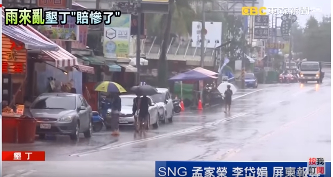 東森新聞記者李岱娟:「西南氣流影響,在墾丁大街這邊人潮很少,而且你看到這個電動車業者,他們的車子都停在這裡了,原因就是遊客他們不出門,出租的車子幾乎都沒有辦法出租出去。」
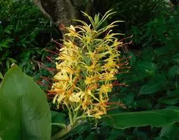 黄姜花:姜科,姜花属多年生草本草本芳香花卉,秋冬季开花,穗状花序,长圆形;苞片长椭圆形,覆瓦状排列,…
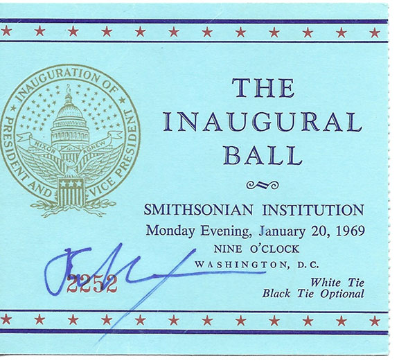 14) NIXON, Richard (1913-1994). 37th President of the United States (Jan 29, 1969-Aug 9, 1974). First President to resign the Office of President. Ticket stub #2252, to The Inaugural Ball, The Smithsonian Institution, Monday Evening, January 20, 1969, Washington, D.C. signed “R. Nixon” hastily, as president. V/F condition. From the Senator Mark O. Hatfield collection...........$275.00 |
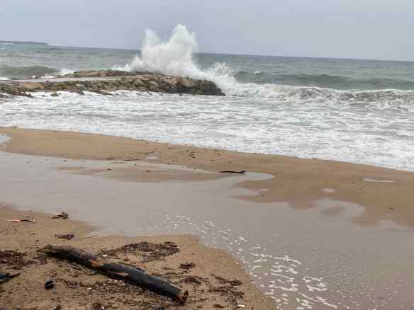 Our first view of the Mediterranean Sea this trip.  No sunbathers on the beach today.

* What you have to do *
Could the data above be copied out exactly, with no pictures kept?

* Solution for this problem *
 東森新聞記者李岱娟:「西南氣流影響,在墾丁大街這邊人潮很少,而且你看到這個電動車業者,他們的車子都停在這裡了,原因就是遊客他們不出門,出租的車子幾乎都沒有辦法出租出去。」
 黄姜花:姜科,姜花属多年生草本草本芳香花卉,秋冬季开花,穗状花序,长圆形;苞片长椭圆形,覆瓦状排列,…
 14) NIXON, Richard (1913-1994). 37th President of the United States (Jan 29, 1969-Aug 9, 1974). First President to resign the Office of President. Ticket stub #2252, to The Inaugural Ball, The Smithsonian Institution, Monday Evening, January 20, 1969, Washington, D.C. signed “R. Nixon” hastily, as president. V/F condition. From the Senator Mark O. Hatfield collection...........$275.00 |
 Our first view of the Mediterranean Sea this trip.  No sunbathers on the beach today.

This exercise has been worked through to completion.